A while back I heard some samples of the difference between lossless files and their compressed forms (MP3) and thought it seemed pretty cool to hear what data the compression algorithms are throwing away. I just got around to trying this for myself. Here's what I did:

  • First things first, you'll need sox with the appropriate formats installed. Optionally install octave, and vorbis-tools or a compressor of your choice. On debian: apt-get install octave sox libsox-fmt-all vorbis-tools
  • Start with a lossless file, eg a FLAC or a WAV ripped from a CD.
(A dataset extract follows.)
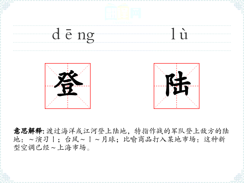 渡过海洋或江河登上陆地,特指作战的军队登上敌方的陆地:~演习丨;台风~丨~月球;比喻商品打入某地市场:这种新型空调已经~上海市场。

$ sox ~/Music/Dalriada/Jegbonto/05\ -\ Téli\ ének.flac original.wav

  • Convert it to a lossy format. I'd reccomend using vorbis, since I had trouble with MP3, see below. For example:

$ oggenc -q 5 -o lossy.ogg original.wav

  • Convert the compressed file and original to RAW format. Check that they're the same size.

$ sox original.wav original.raw
$ sox lossy.ogg lossy.raw
$ ls -l *raw

  • Start octave or matlab and run the following commands to subtract the files as 16-bit signed ints (alternative follows):

> original=fread(fopen('original.raw'),Inf,'int16');
> lossy=fread(fopen('lossy.raw'),Inf,'int16');
> fwrite(fopen('out.raw','w'),original-lossy,'int16');

  • Alternatively, if you don't have/want to install octave, Techmeology provides some C code to acheive the same thing.

$ gcc -o compare compare.c
$ ./compare original.raw lossy.raw > out.raw

  • Now convert it to a usable format (eg wav). Optionally you can amplify it to bring it to an audible volume level. Here I've applied 10dB of gain:

$ sox -r 44100 -t raw -e signed-integer -c 2 -b 16 out.raw out.wav gain +10

And there you have it. I was left with a sort of haunting ghostly screaming sound. I would share but you know, copyright and all that. If anyone can suggest some creative commons music to publish samples of though, I'd be happy to do that.

I have noticed a problem though - by converting to MP3 and back you seem to end up with fewer samples. I've tried padding it out with zeros before the comparison, but it then the difference file becomes just a choppier-sounding version of the original. If anyone knows how to resolve this, please do let me know.